Shirky in the Gothamist

Clay Shirky is interviewed in the Gothamist, and he has (as usual) the definitive insight into what this whole nanopublishing “thing” is about:

[Q] Blogs: beloved little observations grouped sequentially. I’m almost afraid to ask the question but what’s your brief take on where all this blogging is headed?

[A] It’s headed everywhere, because the underlying pattern of cheap amateur publishing is what’s important, not the current manifestations. The word blog itself is going to fade into the middle distance, in the same way words like home page and portal did. Those words used to mean something relatively crisp and specific, but became so overloaded as to be meaningless.

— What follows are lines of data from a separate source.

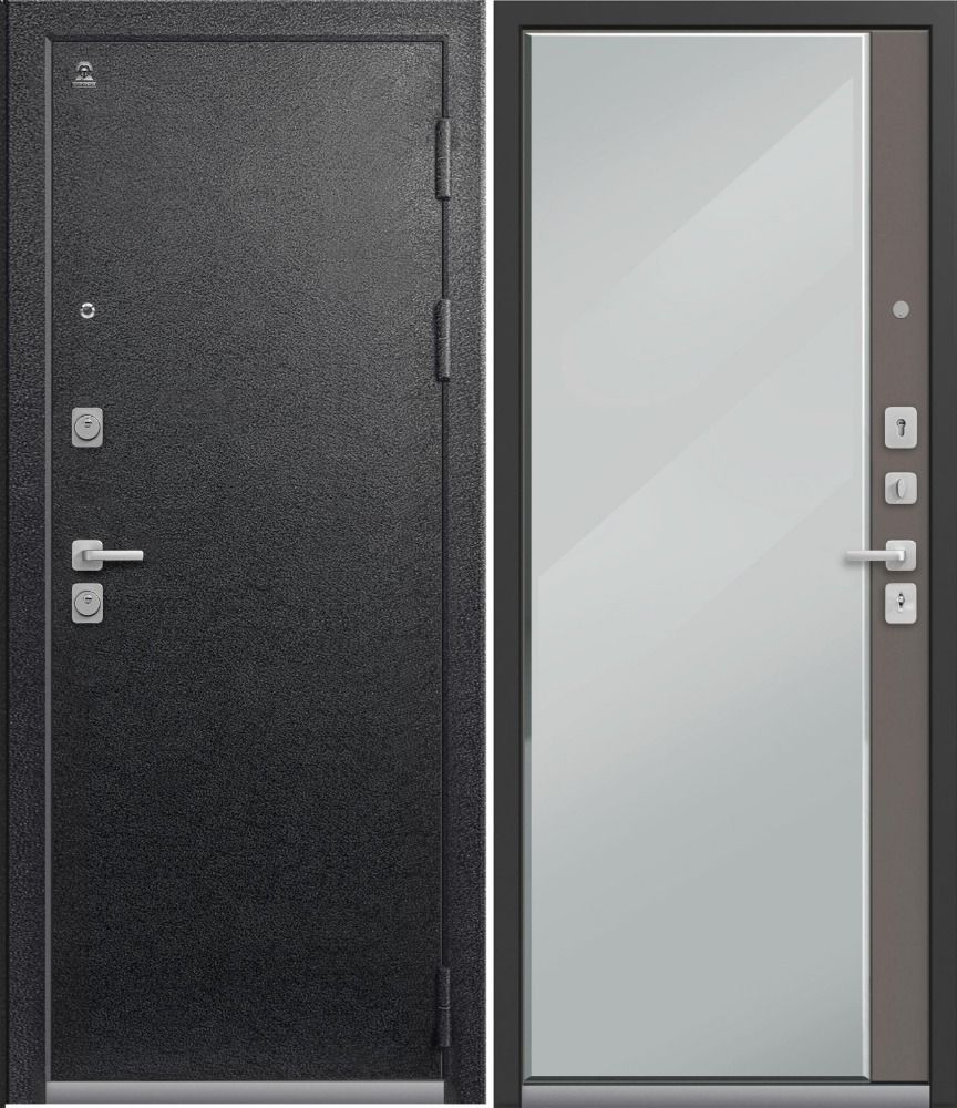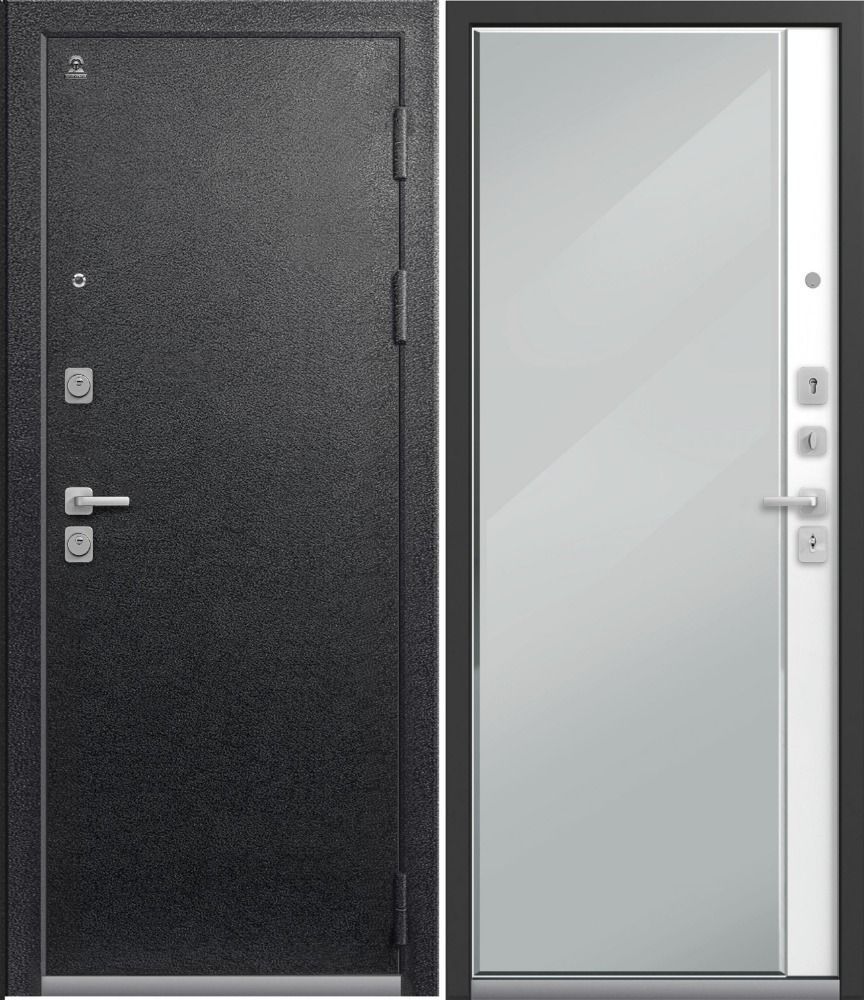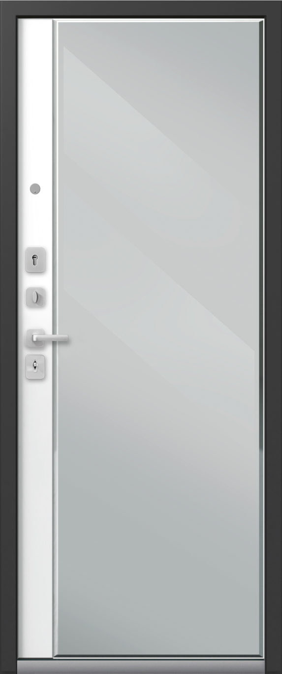 Броненакладка на цилиндр, ночная задвижка, ручка раздельная, 3 петли, нержавеющий порог, глазок, противосъемные штыри.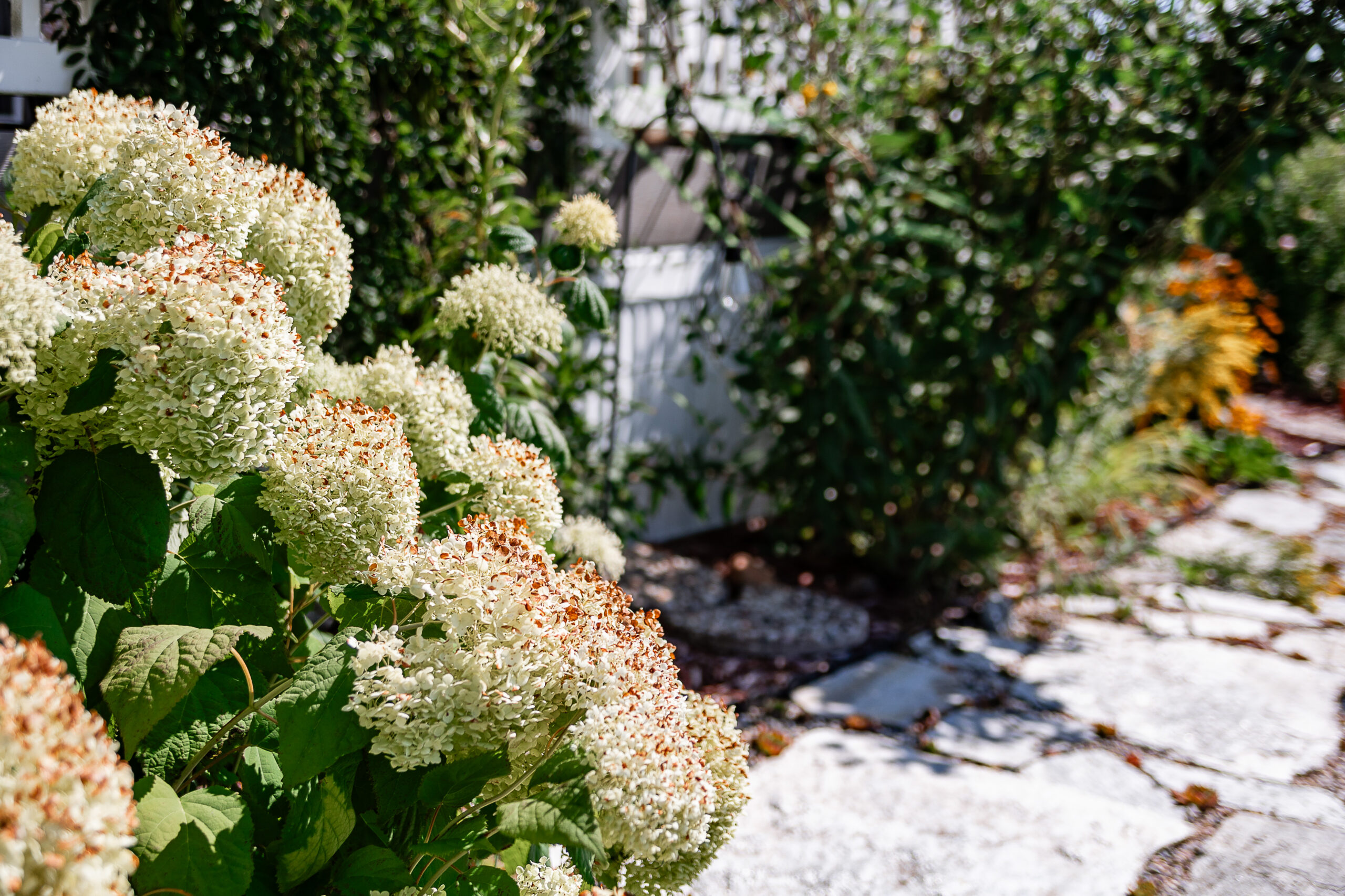 White hydrangea flowers bloom in a garden beside a stone path at Lakeview Village, with green foliage and a building visible in the background.
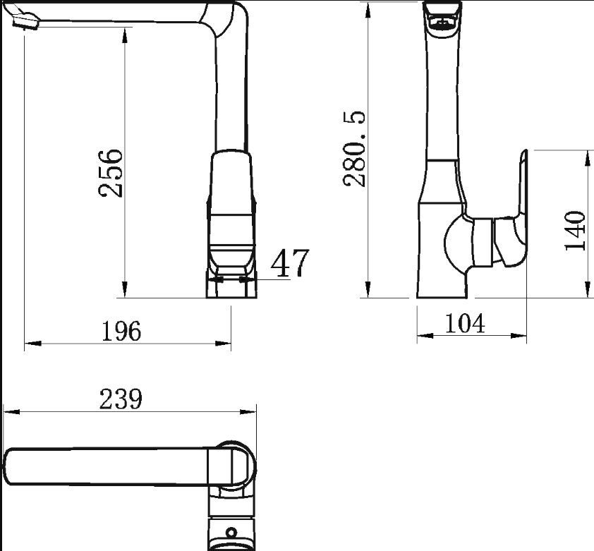 Stojánková dřezová baterie s otočným ramenem a délkou až 220 mm.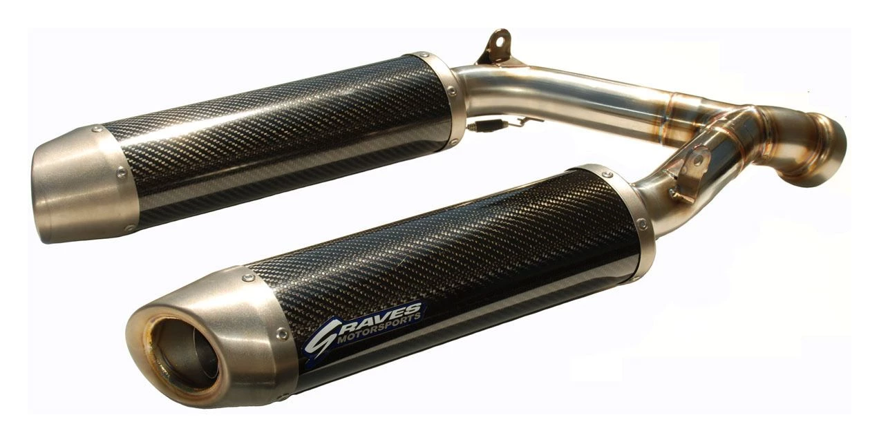 Graves Slip-On Exhausts are designed for the rider seeking top of the line performance, fit, finish and value. Developed using the same technology that has powered the Monster Energy Graves teams to consecutive AMA Superbike championships, the Graves Everlast packing produces an exhaust note like no other and holds up longer to the extreme conditions of a high-revving motorcycle. Graves incorporates advanced welding processes to reduce oversized welds that can cause excessive heat buildup. A special pipe bending technique known as mandrel bending is used for all Graves exhausts to prevent wrinkles and ovalization of the exhaust pipes. All of this combined not only streamlines the appearance of the exhaust systems but saves significant weight over the stock exhaust!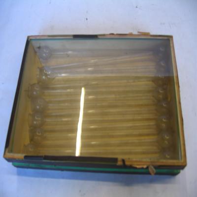 Podrían formar parte del material de cristal adquirido por el instituto que aparece en la memoria de 1883-84. También podrían corresponder al material de laboratorio adquirido por el instituto en el año 1949-57, según la memoria de ese curso o al material de vidrio que aparece en el inventario del Laboratorio de Agricultura y Técnica Industrial realizado por el profesor Bustinza en 1970.
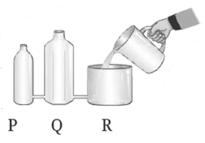 (i) Look at below Fig. carefully. Vessel R is filled with water. When pouring of water is stopped, the level of water will be ____________________.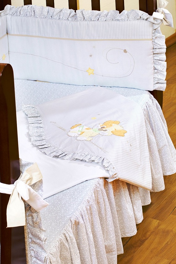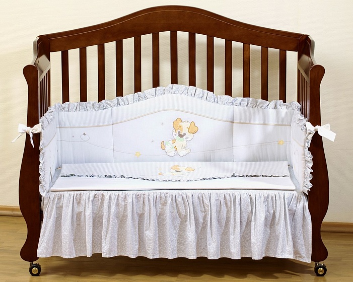 Постельный комплект в кроватку Giovanni Puppy (Джиованни Паппи) - Стильный дизайн, натуральные и безопасные материалы, сочетание спокойных и мягких пастельных тонов, декорирован вышивкой и тканевыми аппликациями. Бампер длиной 240см можно установить как в изголовье кроватки в варианте для новорожденного, так и в варианте диванчика для подросшего малыша. Простыня на резинке не позволит складкам воздействовать на кожу ребенка, а юбка придаст изысканный внешний вид детской кроватке.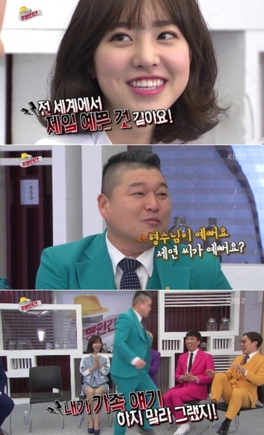 이에 하하가 “형수님이 예쁜가, 진세연이 예쁜가”라고 묻자 강호동은 “가족 얘기는 하지 말라. 한 번 웃기려고 저런다”라며 발끈하며 하하의 정강이를 걷어차 웃음을 자아냈다.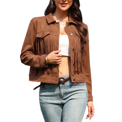 INSPIRE CHIC Women's Stand Collar Zip Up Long Sleeve Faux Fur Cropped Jacket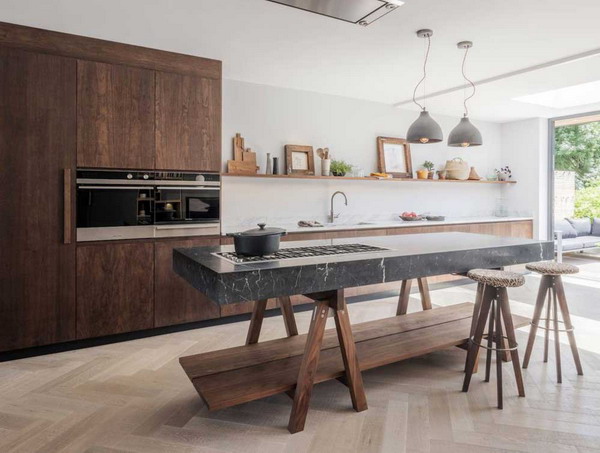 If you want to take advantage of the latest trends in the repair of your kitchen, you must choose a combination of black and wood. Furniture with wooden facades made of transparent grain, such as European walnut, will look great in company with a black countertop, as well as with black painted walls.
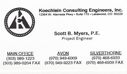 | Koechlein Consulting Engineers, Inc Scott Myers, P.E. (303) 989-1223 |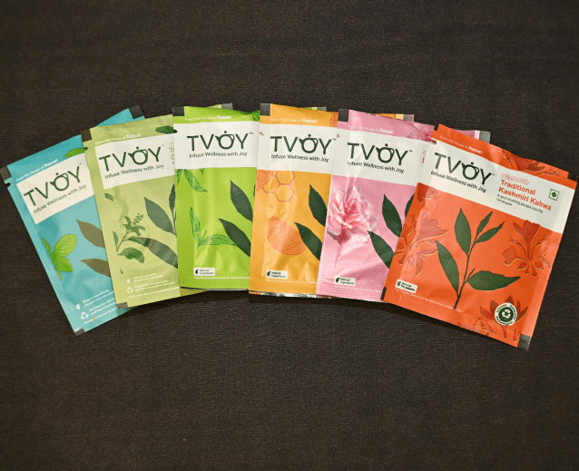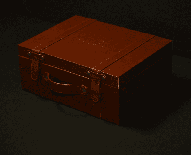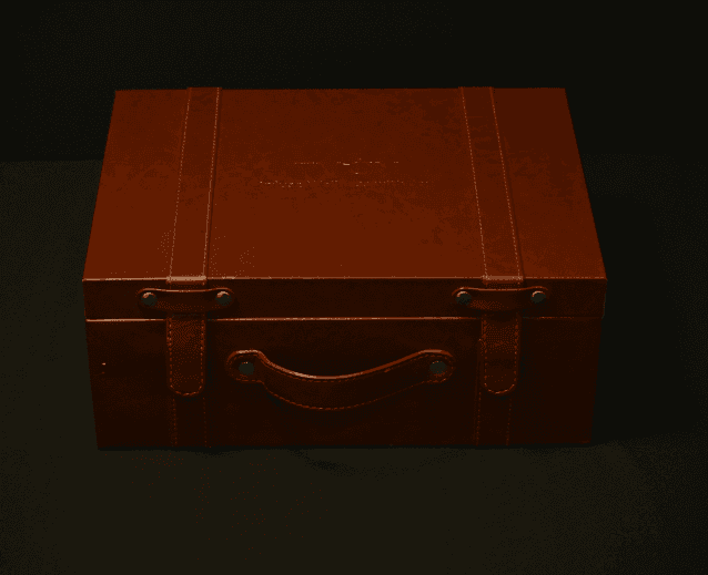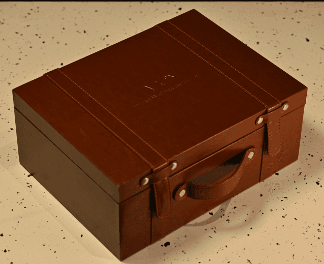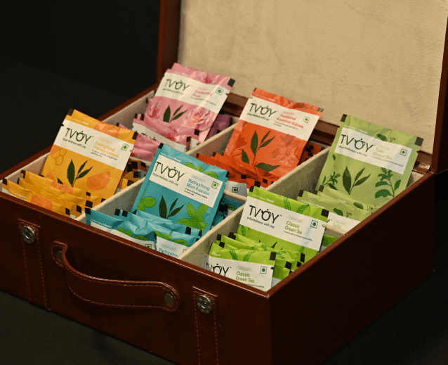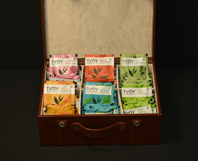 An uitra-modem pleather tea case with handle, designed like a compact suitcase for effortless carrying inside, six compartments hold 90 biodegradable pyramid tea bags of orthodox blend tees from TVOY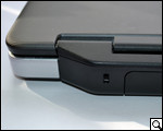 Задняя боковая панель несколько вынесена вперед над основным корпусом. Однако плохой такую реализацию назвать нельзя – даже наоборот, по-своему приятное и правильное решение. Обусловлено же такое решение несколько специфической реализацией аккумулятора. Помимо него, здесь же расположен разъем для подключения кабеля зарядного устройства, а также разъем для подсоединения противоугонного троса.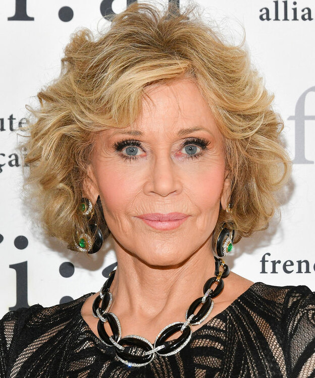 جین فاندا با ایجاد پله و موج های بزرگ و باز شده به موهای کوپ بلندش حجم و حالت می دهد.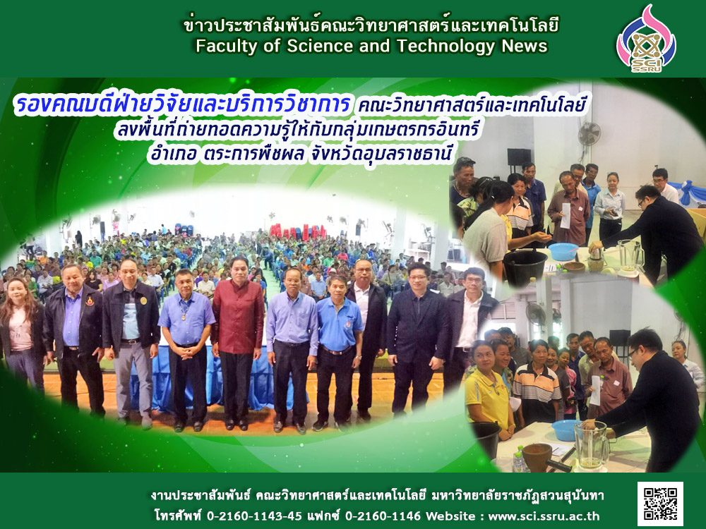 วันที่ 16 พฤศจิกายน 2561 ทีมคณะวิจัย คณะวิทยาศาสตร์และเทคโนโลยี สำนักวิจัยและพัฒนา และบัณฑิตวิทยาลัย นำความรู้การแปรรูปอาหารจากผลงานวิจัยของ อาจารย์ ดร.วัฒนา พันธุ์พืช รองคณบดีฝ่ายวิจัยและบริการวิชาการ คณะวิทยาศาสตร์และเทคโนโลยี ลงพื้นที่ ถ่ายทอดความรู้ลงสู่ปฎิบัติต่อกลุ่มเกษตรกรอินทรี อำเภอ ตระการพืชผล จังหวัดอุบลราชธานี จำนวน 530 คน นายอำเภอตระการ เกษตรอำเภอ กล่าวขอบคุณมหาวิทยาลัยที่ให้โอกาสเกษตรมีความรู้เพิ่มเติมด้านนี้และกล่าวว่า“ไม่เคยมีมหาวิทยาลัยมาลงพื้นที่ให้ความรู้แบบนี้มาก่อน”
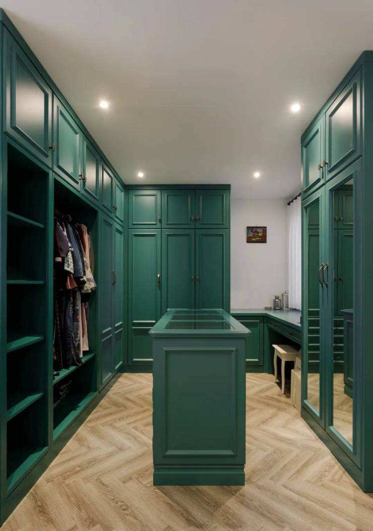 独立的衣帽间有着很大的“胃口”,能够容纳主人全部的衣物,装饰线条的应用也延续了主卧室的手法。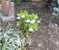 レストランの入り口には、クリスマスローズがいっぱい咲いています (^^♪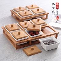 日式分格竹木水果盘糖果盘创意带盖托盘零食干果盒收纳盒四格六格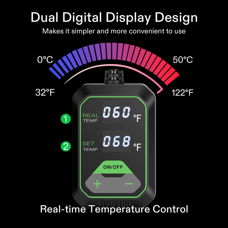- Heat Mat Feature 2: This thermostat comes with a adjustment function allows users to set the desired temperature according to the needs of their plantsit's simple and convenient to use; It also receives data from the internal sensor chip and displays the temperature of the heating pad in real-time

Already blogs are used for groups of teenagers to bitch about their lives, as on many LiveJournal sites; to track gossip, politics, and tech trends, as with Gawker, Wonkette, and Gizmodo; as an adjunct to political campaigns; and as a kind of giant distributed OpEd page. Too much for one little word.

So forget about blogs and bloggers and blogging and focus on this — the cost and difficulty of publishing absolutely anything, by anyone, into a global medium, just got a whole lot lower. And the effects of that increased pool of potential producers is going to be vast.

The interviewer assumes that Shirky has “seen the future”, which seems a safe bet. In response, Shirky does mention the FCC and the Web, but notice that mobile phones come up twice. Shirky is, as usual, brilliant on almost everything; his intuition on fashion is impeccable, even if his execution of it isn’t. And because it’s New York, the comments even include a second opinion on Shirky.